As noted, a receiving PLL circuit separates the received clock from the received data, uses the received clock to recover the data, and then regenerates the clock (attenuating jitter), using it as the internal timebase to reclock the data (see Fgr. 27). In some designs, a receiver might read the synchronizing signal from input data, place the data in a buffer, and then regenerate the clock and output the data with the frequency and phase appropriate to the destination. The buffer must be large enough to prevent underflow or overflow; in the former, samples must be repeated at the output, and in the latter, samples must be dropped (in both cases, ideally, during silences). The method of synchronizing from the embedded transmission clock is sometimes called "genlock." It works well in most point-to-point transmission chains. When the data sampling frequency is different from the local system sampling frequency, a sample rate converter is needed to convert the incoming timebase; this is described in Section 13. Sample rate converters can also be used as receivers for jitter attenuation.

Some receivers used in regeneration devices use a two-stage clock recovery process, as shown in Fgr. 29.

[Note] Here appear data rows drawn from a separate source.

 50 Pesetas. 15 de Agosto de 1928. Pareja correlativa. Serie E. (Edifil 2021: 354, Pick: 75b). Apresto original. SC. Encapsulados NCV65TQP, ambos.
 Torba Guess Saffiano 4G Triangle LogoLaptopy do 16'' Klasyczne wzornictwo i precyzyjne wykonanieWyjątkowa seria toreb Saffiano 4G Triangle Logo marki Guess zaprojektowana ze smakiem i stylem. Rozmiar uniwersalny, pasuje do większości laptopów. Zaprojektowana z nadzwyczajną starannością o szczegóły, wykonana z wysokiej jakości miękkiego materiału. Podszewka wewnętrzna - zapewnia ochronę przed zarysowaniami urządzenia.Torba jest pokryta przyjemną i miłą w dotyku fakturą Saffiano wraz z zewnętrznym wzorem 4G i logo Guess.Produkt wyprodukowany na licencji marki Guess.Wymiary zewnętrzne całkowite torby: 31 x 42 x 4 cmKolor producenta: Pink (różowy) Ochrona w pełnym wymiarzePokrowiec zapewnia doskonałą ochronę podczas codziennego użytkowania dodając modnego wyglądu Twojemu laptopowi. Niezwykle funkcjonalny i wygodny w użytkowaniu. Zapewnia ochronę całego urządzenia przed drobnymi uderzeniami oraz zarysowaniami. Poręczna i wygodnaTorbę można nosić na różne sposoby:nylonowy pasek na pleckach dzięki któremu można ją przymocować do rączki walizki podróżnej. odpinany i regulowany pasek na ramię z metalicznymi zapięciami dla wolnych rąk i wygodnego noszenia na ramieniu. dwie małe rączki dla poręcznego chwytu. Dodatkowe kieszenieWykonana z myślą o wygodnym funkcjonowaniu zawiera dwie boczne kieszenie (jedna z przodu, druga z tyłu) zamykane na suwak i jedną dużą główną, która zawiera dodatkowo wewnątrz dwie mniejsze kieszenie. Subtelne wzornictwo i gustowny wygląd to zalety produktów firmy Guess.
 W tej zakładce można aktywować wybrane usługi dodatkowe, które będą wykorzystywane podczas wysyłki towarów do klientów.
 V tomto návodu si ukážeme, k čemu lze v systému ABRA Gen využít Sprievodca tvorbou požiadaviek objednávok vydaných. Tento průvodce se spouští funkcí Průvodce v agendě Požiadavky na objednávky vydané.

The first step is clock extraction; the received embedded clock is synchronized so the data can be decoded error free in the presence of jitter. An initial PLL uses data transitions as its reference; the PLL is designed to track jitter well, but not attenuate it. At this stage, the sample clock might have jitter. The recovered data is placed in a FIFO buffer. A buffer is not needed if the jitter at this stage is considerably less than one bit period. The second step is jitter attenuation; a PLL with low-jitter clock characteristics locks to the sample clock and retimes it with an accurate reference. The new, accurate clock is used to read data from the FIFO. In other words, the second PLL is not required to track incoming jitter, but is designed to attenuate it. Overall, a receiver must decouple the digital interface from the conversion circuitry before regeneration.

Looked at in another way, degraded sound from a converter due to clock jitter might not be the converter's fault-it might be the receiver's.

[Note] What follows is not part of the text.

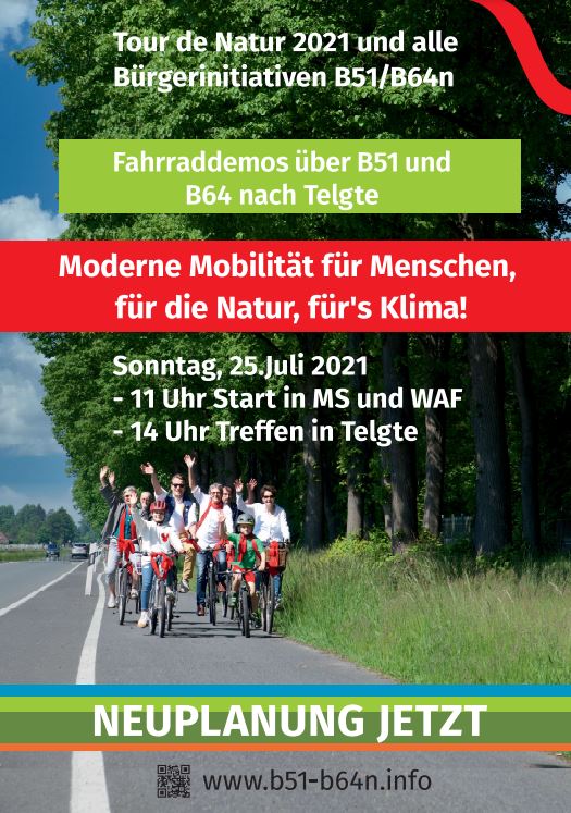 Am kommenden Sonntag, den 25. Juli 2021 findet ab 11:00 Uhr die Fahrraddemo über die B51 und B64 nach Telgte unter dem Motto "Moderne Mobilität für Menschen, für die Natur, für's Klima!" statt. In Warendorf beginnt die Tour am Bahnhof und in Münster am Schloss. Um 16:00 Uhr sollen beide Gruppen auf der Planwiese in Telgte zusammenkommen. Die Fahrraddemo wird von der Tour de Natur 2021 und den Bürgerinitiativen gegen den Neubau der B64n und den Ausbau der B51 organisiert.
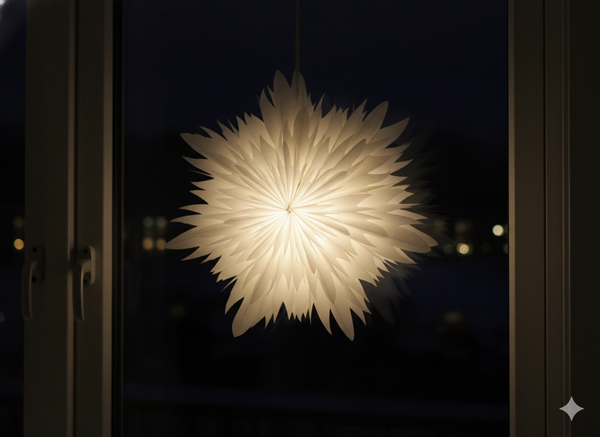Biely papier krásne rozptyľuje teplé svetlo a dodá interiéru mäkký, sviatočný nádych – ideálne do okien, nad stôl alebo do obývacej izby.

FGR. 29 An example of dual-clock transceiver architecture, providing clock extraction and jitter attenuation.

Levels of transmission jitter often depend on cable characteristics. One type of cable-induced jitter, called pattern-dependent jitter, is a modulation that depends on the data values themselves. For example, patterns of 0s might produce more delay in transitions than patterns of 1s.

The amount of modulation is a function of the high frequency loss (bandwidth) of the cable. For example, jitter might be less than 1 ns if the cable has a 3-dB bandwidth of more than 4 MHz, but jitter increases to 9 ns if bandwidth is halved. For this reason, many transmission protocols use a fixed synchronization pattern or preamble; because the pattern is static, this cause of pattern-dependent jitter is removed. However, pattern-dependent jitter can be caused by other factors. For example, pattern-dependent jitter can be correlated to the polarity and frequency of the audio signal. When the coded audio signal level is low and at a single frequency, the more significant bits change together to reflect signal polarity, and pattern-dependent jitter can occur at that frequency. Any serial format that does not scramble its data word is prone to this phenomenon; with scrambling, this pattern-dependent jitter would be decorrelated and thus would be benign.

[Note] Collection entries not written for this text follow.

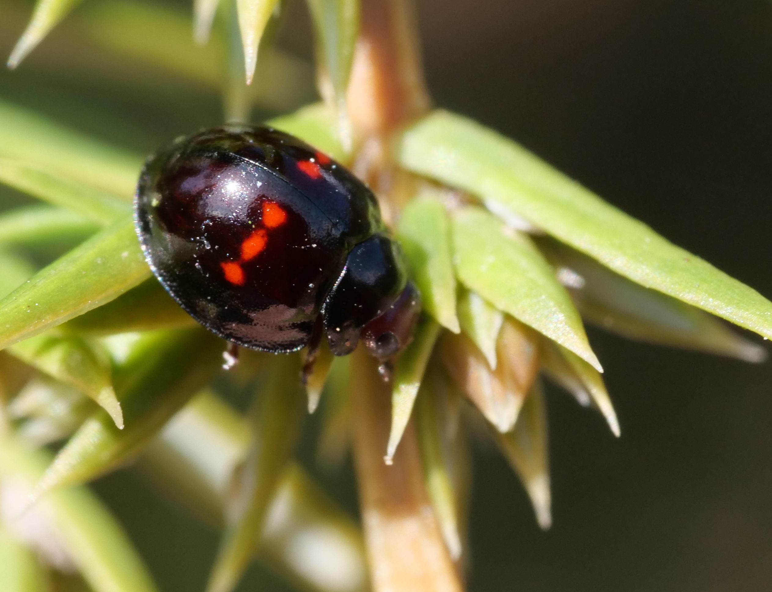 In Heiden und Buschland auf Nadel- und Laubbäumen sowie Heidelbeeren; überwintert in der Streu oder in Rindenritzen (Roy & Brown 2018; Nedvěd 2020).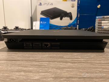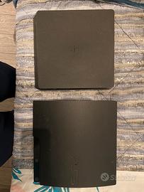 Vendo ps4 slim da 500g comprensiva di tutto + scatola perfettamente funzionate e ps3 comprensiva di cavi e joystick, più tutti i giochi presenti in foto.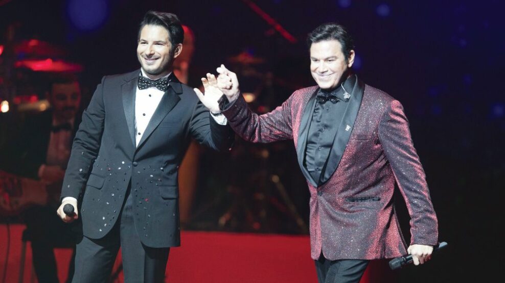 Ο διεθνής Κερκυραίος σταρ της όπερας Μάριος Φραγκούλης και ο σταθερός μουσικός συνοδοιπόρος του, Γιώργος Περρής, σε εορταστική διάθεση.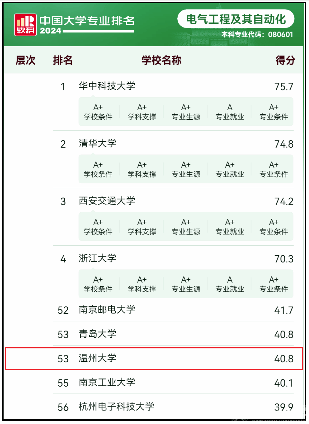 2024年6月13日,高等教育专业评价机构软科正式发布“2024软科中国大学专业排名”,排名包括810个专业,涉及93个专业类、12个专业门类。MG冰球突破官网网站电气工程及其自动化专业排名从去年的73名跃升至今年的53名,浙江省同专业排名第2,仅次于浙江大学。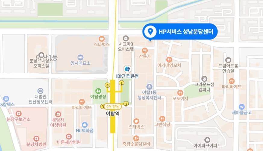 📌 의 위치 HP서비스 성남분당센터
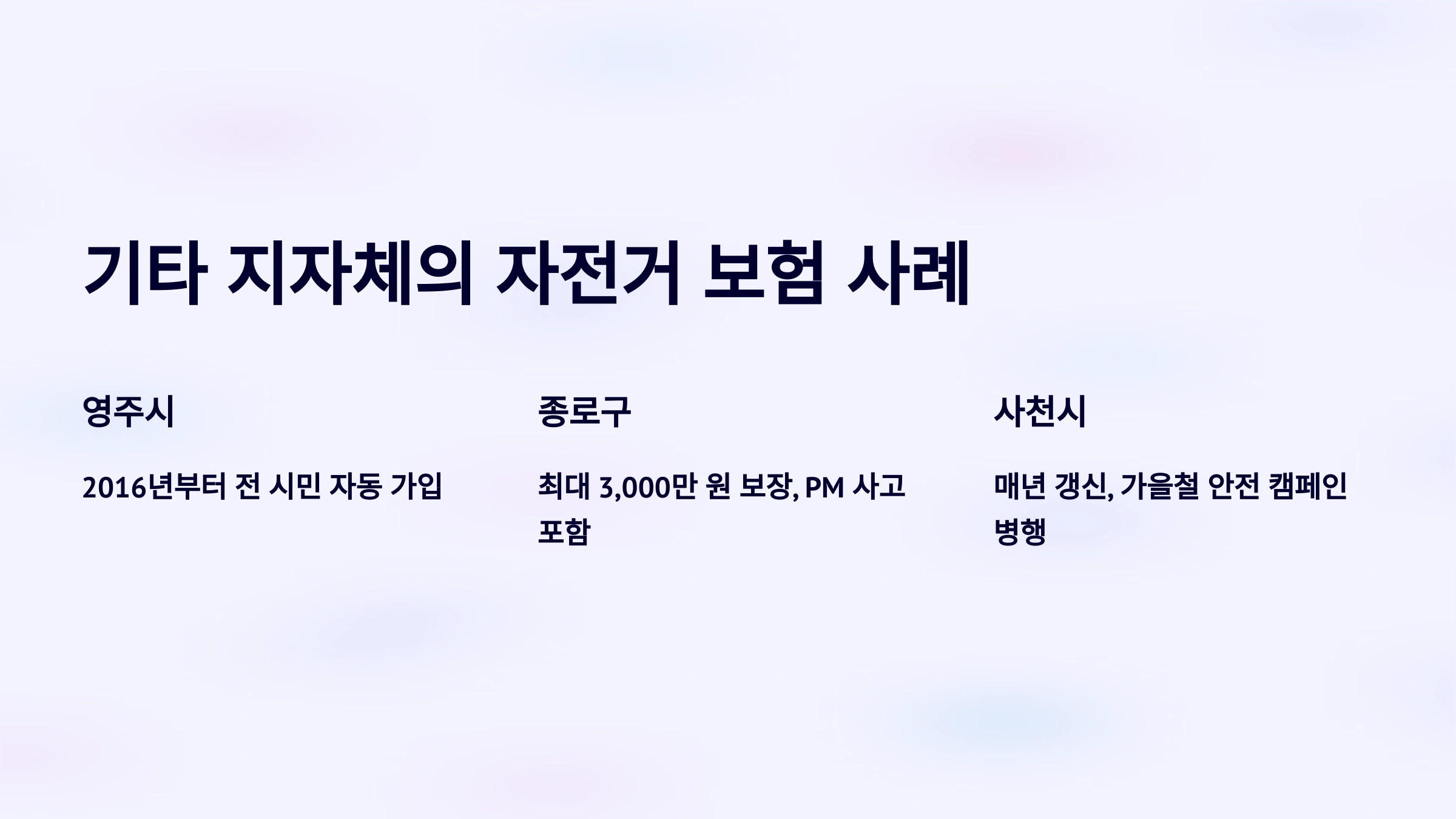 자전거 보험은 앞으로 더욱 많은 지자체에서 채택되고, 이용자 중심의 보장 체계로 발전할 가능성이 커요.

In more complex installations, with many devices, jitter protection is more sophisticated. If devices are cascaded without a master clock signal, clocking is derived from each previous device, which extracts it from its input data. Some devices can pass jitter, or even amplify some jitter components. For example, even if a PLL attenuates high frequency jitter, it might pass low-frequency jitter. Jitter can thus accumulate, to the point where downstream devices lose lock. For more accurate transmission through a signal chain, each piece of equipment must be frequency-locked to a star-configuration distributed master clock. Devices must have both data inputs, as well as external clock inputs.

The use of an external clock is sometimes called master clock synchronization. Each device ignores jitter on its input data and instead accepts a clock from the master reference; jitter cannot accumulate. Interconnection synchronization issues are discussed in Section13.

Jitter in Converters

Jitter must be controlled throughout the digital audio chain, but it’s more critical at conversion points. It must be carefully minimized in the clocks used for both A/D and D/A converters; faults can result in degradation of the output analog waveform. Audio samples must be acquired particularly carefully at the A/D converter. Simply put, clock jitter at the A/D converter results in the wrong samples (incorrect amplitude values) at the wrong time. Moreover, even if these samples are presented to a D/A converter with a jitter-free clock, the result will be the wrong samples at the right time. The magnitude of the error is proportional to the slope of the audio signal; the amplitude of the error increases at higher audio frequencies. Jitter is most critical in the A/D converter clock. Crystal oscillators typically have jitter of less than 10 ps rms; they must be used as reference for the entire digital system. Good circuit design and board layout are mandated. Clocks that use PLLs to divide down a high-frequency master clock to a usable average frequency are often prone to jitter.

Analyzed in the frequency domain, the effects of jitter on the sampling clock of an A/D converter are quite similar to FM modulation; the input frequency acts as the carrier, and clock jitter acts as the modulation frequency. Low-frequency periodic jitter reduces the amplitude of the input signal, and adds sideband components equally spaced at either side of the input frequency at a distance equal to multiples of the jitter frequency. As jitter increases, the amplitude of the sidebands increases. The effect of jitter increases as the input signal frequency increases; specifically, jitter amplitude error increases with input signal slew rate. In A/D converters, jitter must not interfere with correct sampling of the LSB. A 2-ns white-noise clock jitter applied to a successive approximation 16-bit A/D converter will degrade its theoretical dynamic range of 98 dB to 91 dB, as shown in Fgr. 30.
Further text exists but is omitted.